(Items from a data source)
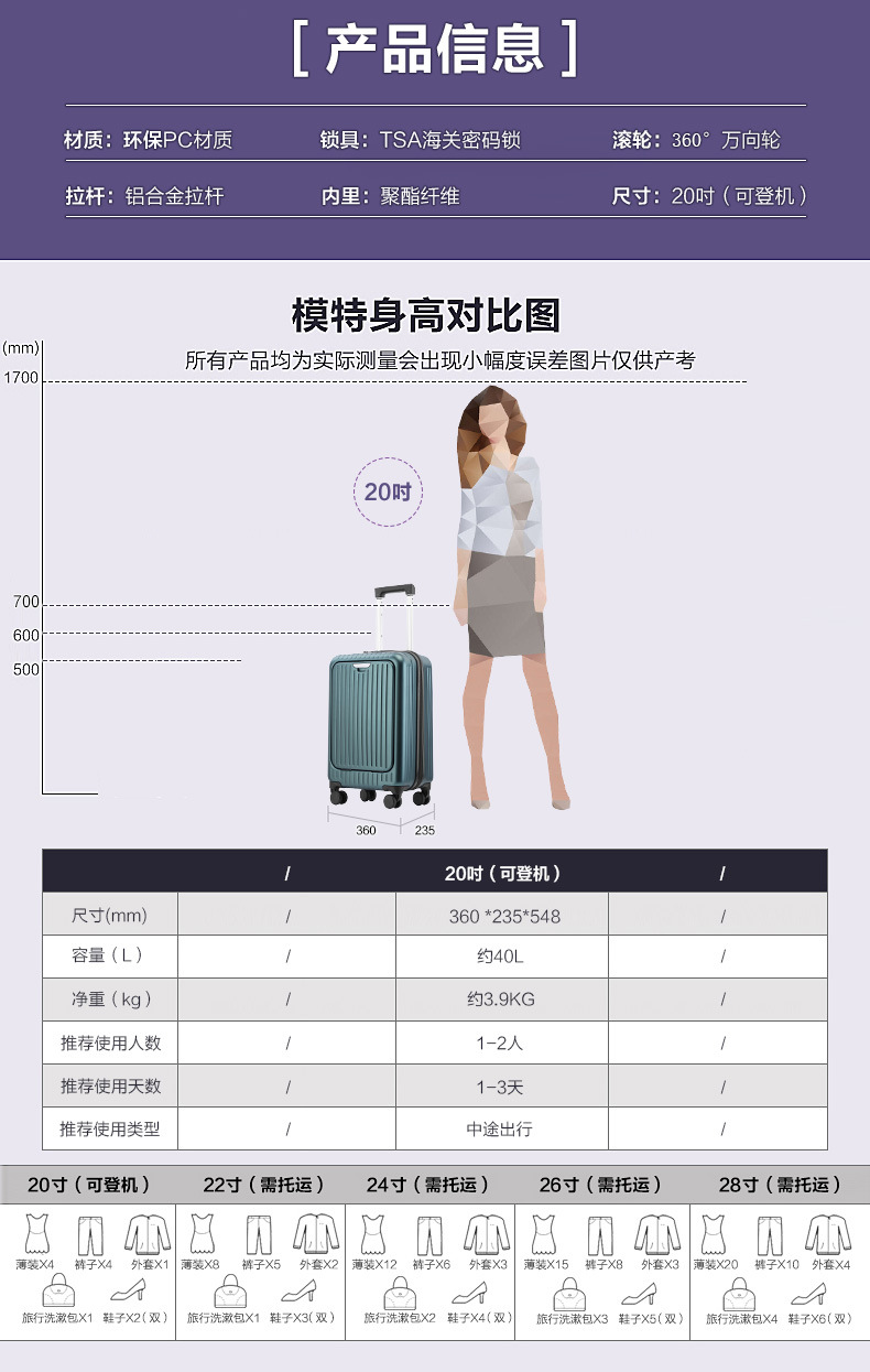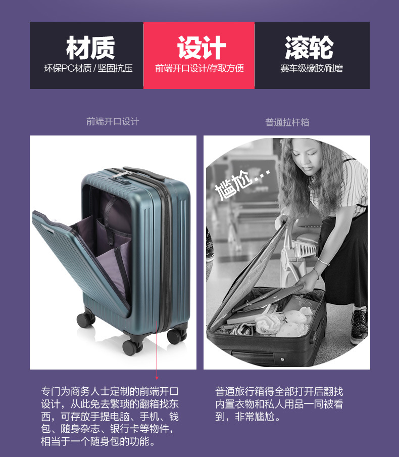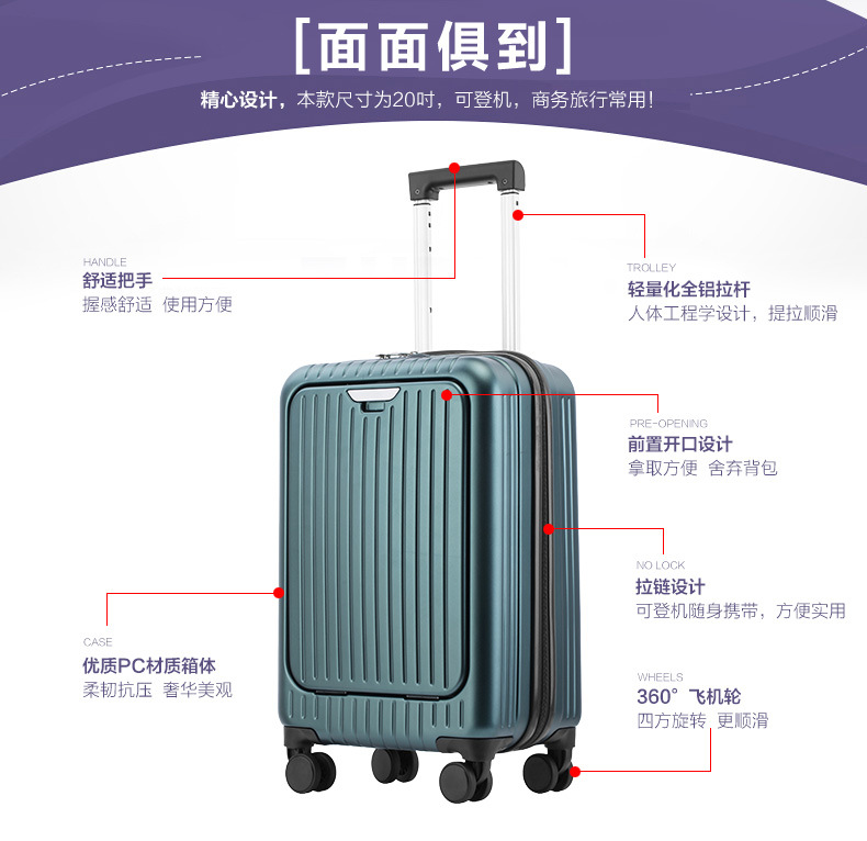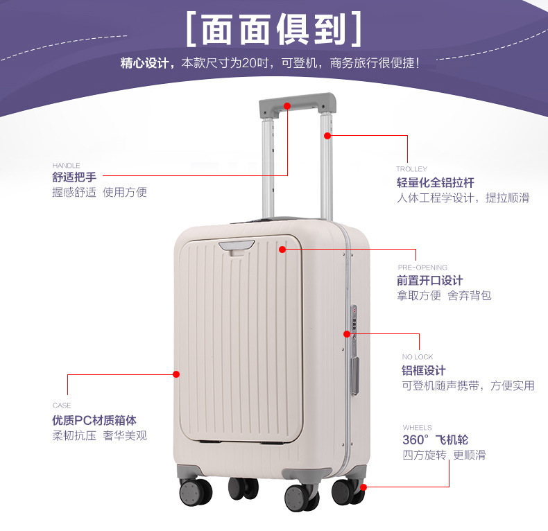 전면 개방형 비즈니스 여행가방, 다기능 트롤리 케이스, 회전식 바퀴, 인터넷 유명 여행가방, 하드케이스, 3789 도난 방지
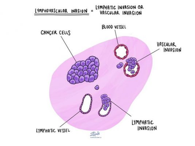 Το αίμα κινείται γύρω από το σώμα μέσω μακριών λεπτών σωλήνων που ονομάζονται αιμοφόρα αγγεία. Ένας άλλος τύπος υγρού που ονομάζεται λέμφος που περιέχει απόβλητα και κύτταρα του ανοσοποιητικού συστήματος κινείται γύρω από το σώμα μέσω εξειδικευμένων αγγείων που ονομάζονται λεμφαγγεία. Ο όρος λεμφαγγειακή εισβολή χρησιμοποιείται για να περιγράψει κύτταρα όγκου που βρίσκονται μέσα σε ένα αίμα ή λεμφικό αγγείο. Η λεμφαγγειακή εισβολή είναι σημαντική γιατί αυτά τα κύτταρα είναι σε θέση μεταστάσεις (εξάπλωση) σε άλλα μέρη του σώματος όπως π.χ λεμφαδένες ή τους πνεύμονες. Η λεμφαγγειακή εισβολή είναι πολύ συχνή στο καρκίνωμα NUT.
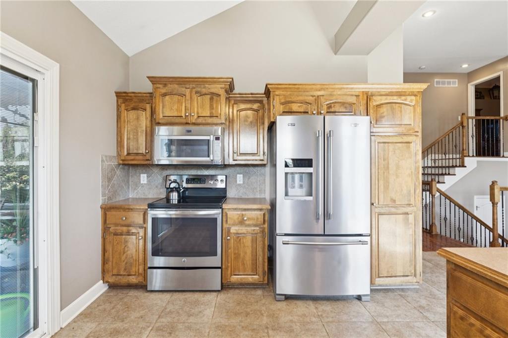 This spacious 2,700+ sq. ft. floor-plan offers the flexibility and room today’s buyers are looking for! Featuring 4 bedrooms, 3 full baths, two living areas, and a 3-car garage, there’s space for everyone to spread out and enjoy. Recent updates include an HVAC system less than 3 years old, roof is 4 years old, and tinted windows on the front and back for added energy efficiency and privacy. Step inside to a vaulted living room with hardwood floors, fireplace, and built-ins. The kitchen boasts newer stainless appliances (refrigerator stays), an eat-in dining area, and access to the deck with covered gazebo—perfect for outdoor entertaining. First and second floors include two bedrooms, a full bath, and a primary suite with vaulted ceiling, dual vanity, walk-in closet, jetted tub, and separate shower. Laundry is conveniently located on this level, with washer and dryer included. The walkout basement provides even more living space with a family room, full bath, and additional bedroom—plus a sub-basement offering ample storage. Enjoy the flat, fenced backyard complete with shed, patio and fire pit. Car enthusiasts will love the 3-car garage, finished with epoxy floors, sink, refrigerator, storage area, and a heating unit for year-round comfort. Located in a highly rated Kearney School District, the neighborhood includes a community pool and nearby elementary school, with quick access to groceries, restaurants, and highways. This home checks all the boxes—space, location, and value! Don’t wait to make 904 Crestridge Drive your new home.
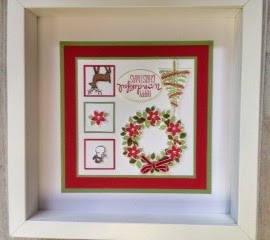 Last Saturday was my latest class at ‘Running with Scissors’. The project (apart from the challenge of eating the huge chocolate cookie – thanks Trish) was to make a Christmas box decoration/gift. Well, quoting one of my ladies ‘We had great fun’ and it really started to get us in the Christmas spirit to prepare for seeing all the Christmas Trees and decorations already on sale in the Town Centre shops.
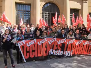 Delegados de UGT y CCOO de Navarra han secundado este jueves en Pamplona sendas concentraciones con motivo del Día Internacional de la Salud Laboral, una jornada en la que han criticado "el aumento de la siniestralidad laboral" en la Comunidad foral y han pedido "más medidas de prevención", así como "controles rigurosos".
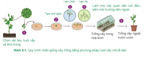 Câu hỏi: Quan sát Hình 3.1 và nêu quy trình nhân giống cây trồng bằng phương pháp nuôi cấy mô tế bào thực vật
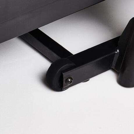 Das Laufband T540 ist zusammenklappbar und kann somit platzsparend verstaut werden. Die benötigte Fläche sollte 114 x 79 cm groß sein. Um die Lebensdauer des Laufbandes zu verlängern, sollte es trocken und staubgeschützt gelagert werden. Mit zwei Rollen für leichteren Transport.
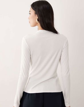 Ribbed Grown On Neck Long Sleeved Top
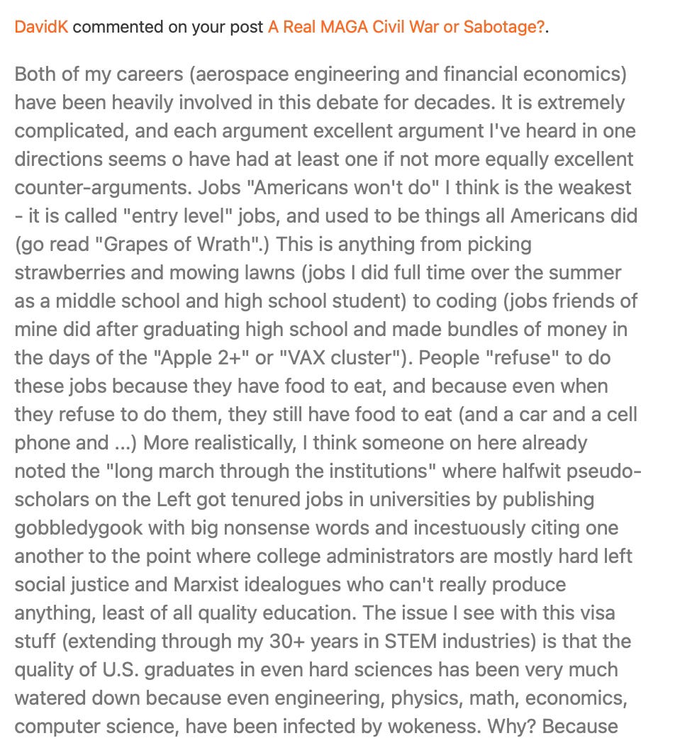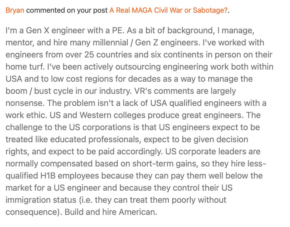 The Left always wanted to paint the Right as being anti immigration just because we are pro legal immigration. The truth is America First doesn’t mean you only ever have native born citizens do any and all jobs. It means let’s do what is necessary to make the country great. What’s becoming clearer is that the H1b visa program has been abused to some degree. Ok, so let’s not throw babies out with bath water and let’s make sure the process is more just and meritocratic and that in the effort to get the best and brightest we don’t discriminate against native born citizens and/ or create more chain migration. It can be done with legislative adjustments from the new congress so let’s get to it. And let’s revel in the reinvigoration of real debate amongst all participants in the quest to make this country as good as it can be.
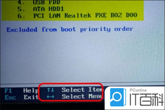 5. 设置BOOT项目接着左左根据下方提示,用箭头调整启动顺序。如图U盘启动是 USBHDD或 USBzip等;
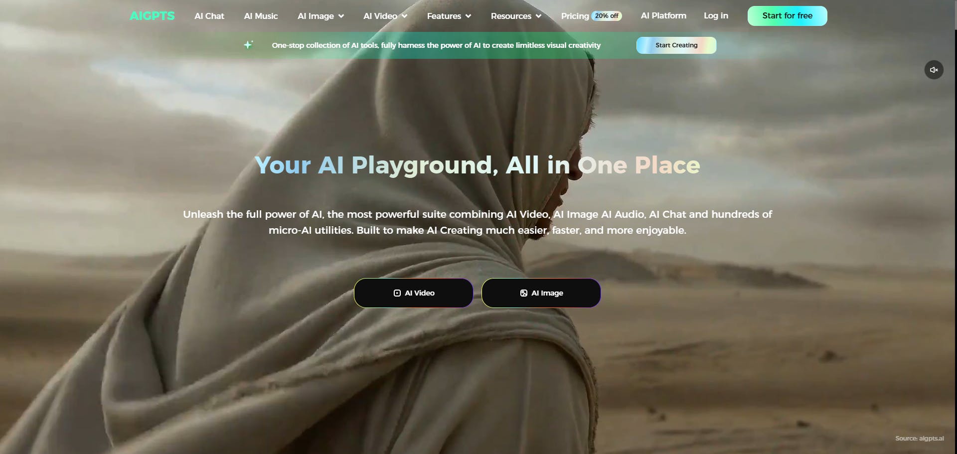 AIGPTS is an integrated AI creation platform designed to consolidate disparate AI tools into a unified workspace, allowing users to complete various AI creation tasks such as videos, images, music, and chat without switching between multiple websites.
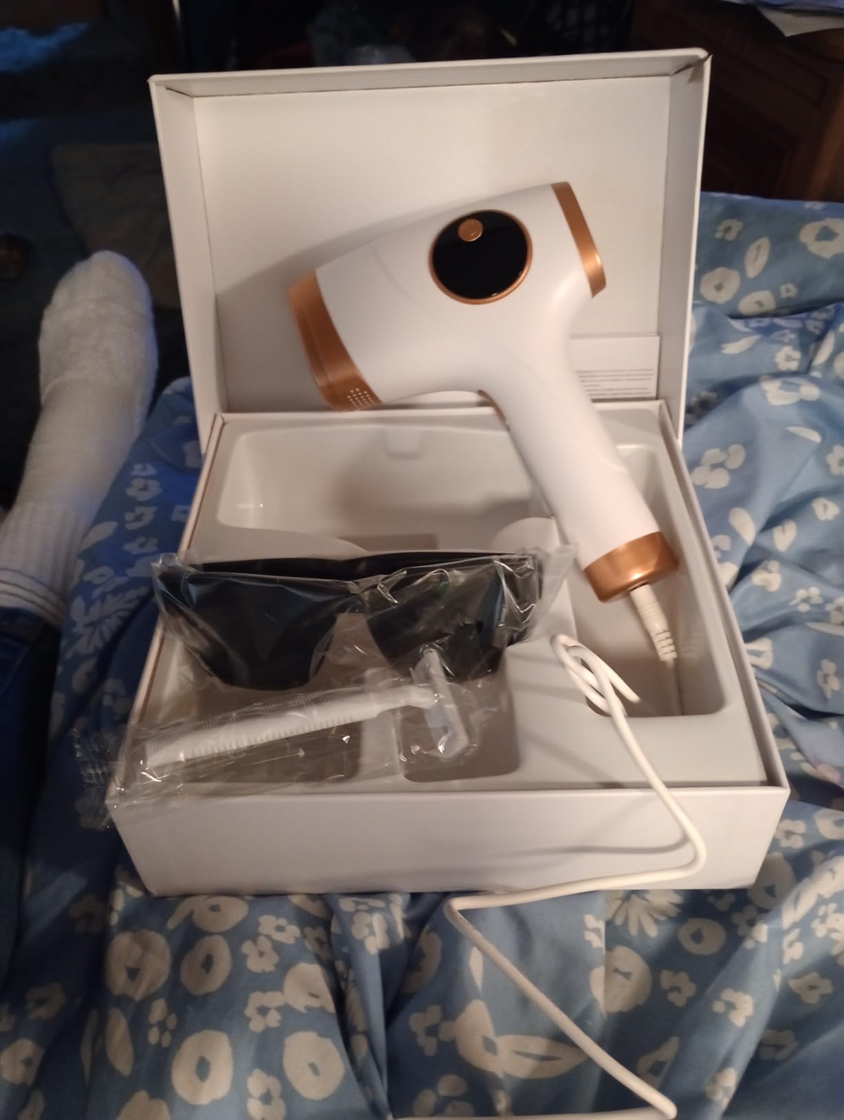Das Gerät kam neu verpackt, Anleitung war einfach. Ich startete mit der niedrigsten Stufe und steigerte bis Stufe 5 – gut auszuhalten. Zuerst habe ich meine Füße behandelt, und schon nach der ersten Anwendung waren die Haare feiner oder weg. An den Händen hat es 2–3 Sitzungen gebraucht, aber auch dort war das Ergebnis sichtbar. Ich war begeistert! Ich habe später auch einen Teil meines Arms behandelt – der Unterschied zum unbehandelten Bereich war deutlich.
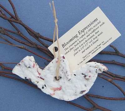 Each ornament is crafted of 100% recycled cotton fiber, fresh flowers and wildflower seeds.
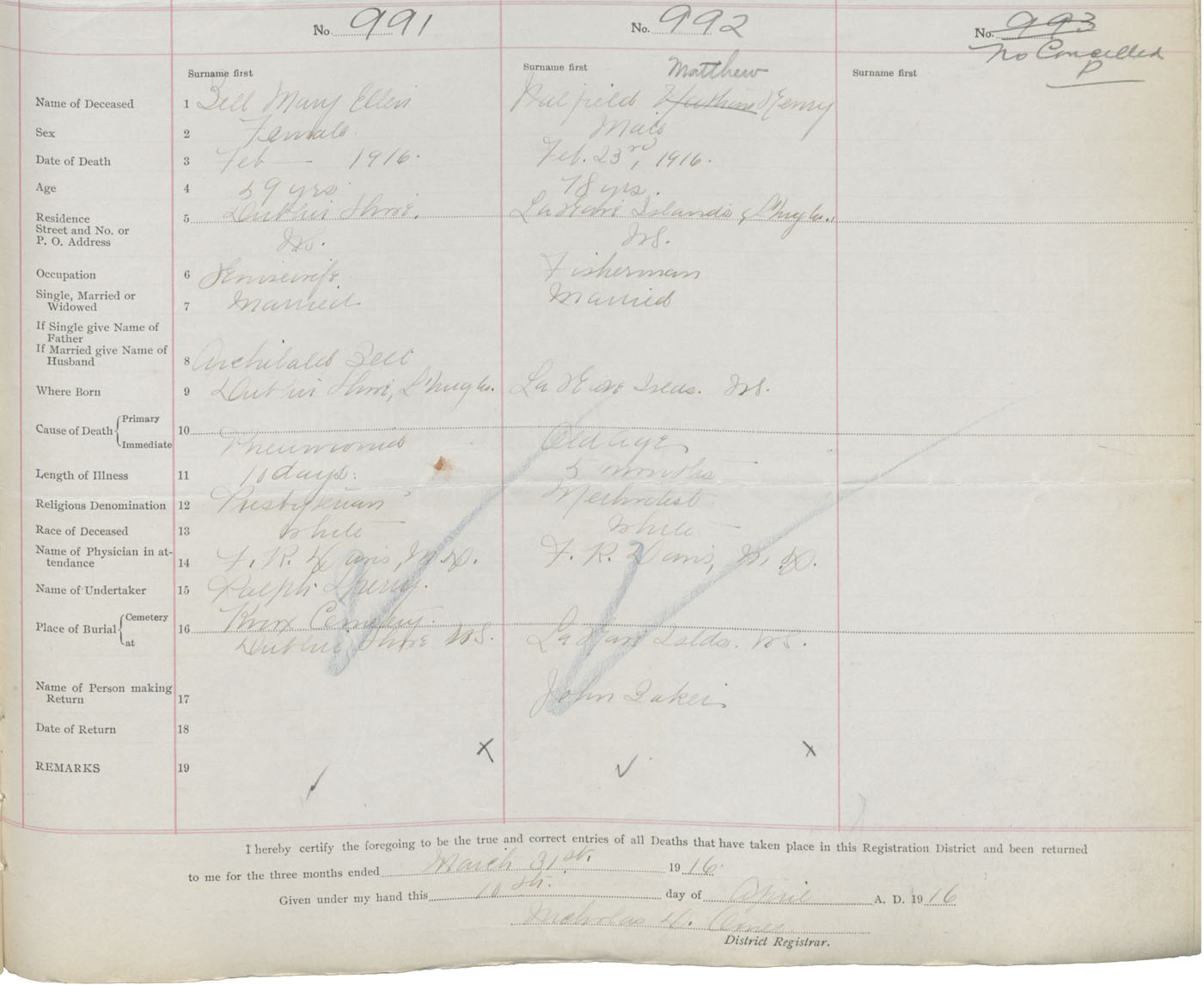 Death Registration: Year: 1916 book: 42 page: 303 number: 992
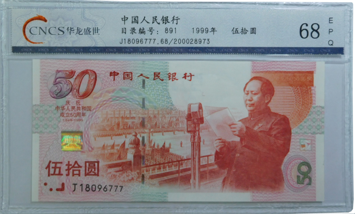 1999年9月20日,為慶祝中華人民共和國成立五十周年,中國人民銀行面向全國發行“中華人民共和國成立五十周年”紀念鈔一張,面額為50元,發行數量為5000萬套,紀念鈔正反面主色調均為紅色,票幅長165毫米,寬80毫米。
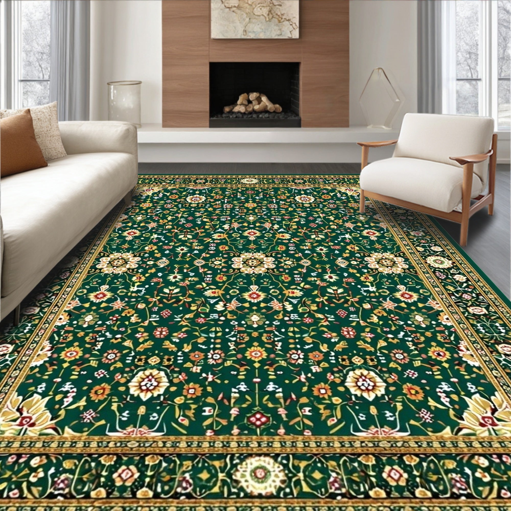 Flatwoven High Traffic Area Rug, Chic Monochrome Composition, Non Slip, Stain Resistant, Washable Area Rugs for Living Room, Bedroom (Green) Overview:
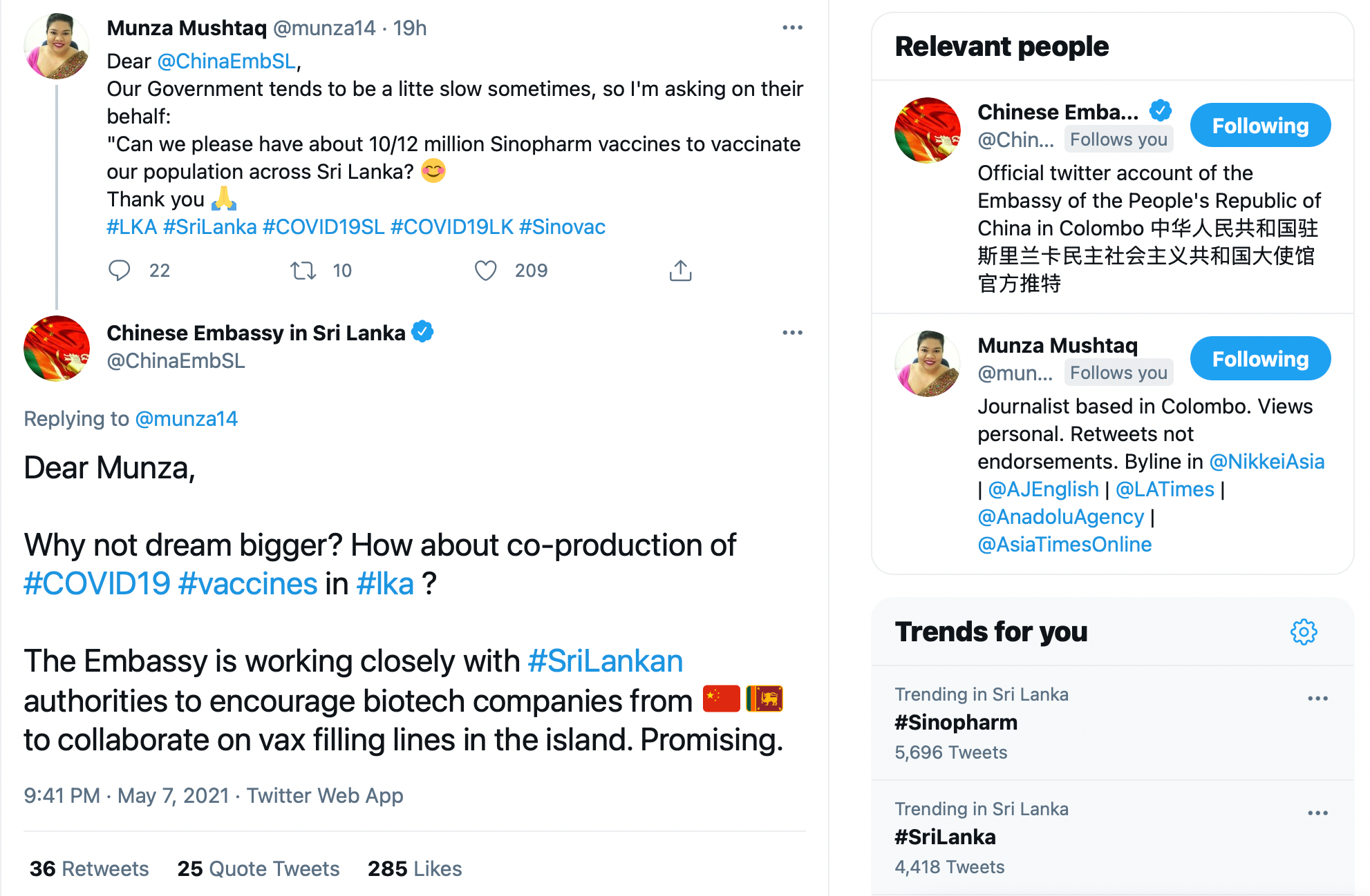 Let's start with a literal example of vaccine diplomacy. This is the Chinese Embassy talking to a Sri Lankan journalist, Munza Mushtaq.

• THE PROBLEM: Write out nothing but the lines from the start of the data through the line with "Το αίμα κινείται". Leave out the pictures.

• EXERCISE OUTPUT:
 전면 개방형 비즈니스 여행가방, 다기능 트롤리 케이스, 회전식 바퀴, 인터넷 유명 여행가방, 하드케이스, 3789 도난 방지
 Το αίμα κινείται γύρω από το σώμα μέσω μακριών λεπτών σωλήνων που ονομάζονται αιμοφόρα αγγεία. Ένας άλλος τύπος υγρού που ονομάζεται λέμφος που περιέχει απόβλητα και κύτταρα του ανοσοποιητικού συστήματος κινείται γύρω από το σώμα μέσω εξειδικευμένων αγγείων που ονομάζονται λεμφαγγεία. Ο όρος λεμφαγγειακή εισβολή χρησιμοποιείται για να περιγράψει κύτταρα όγκου που βρίσκονται μέσα σε ένα αίμα ή λεμφικό αγγείο. Η λεμφαγγειακή εισβολή είναι σημαντική γιατί αυτά τα κύτταρα είναι σε θέση μεταστάσεις (εξάπλωση) σε άλλα μέρη του σώματος όπως π.χ λεμφαδένες ή τους πνεύμονες. Η λεμφαγγειακή εισβολή είναι πολύ συχνή στο καρκίνωμα NUT.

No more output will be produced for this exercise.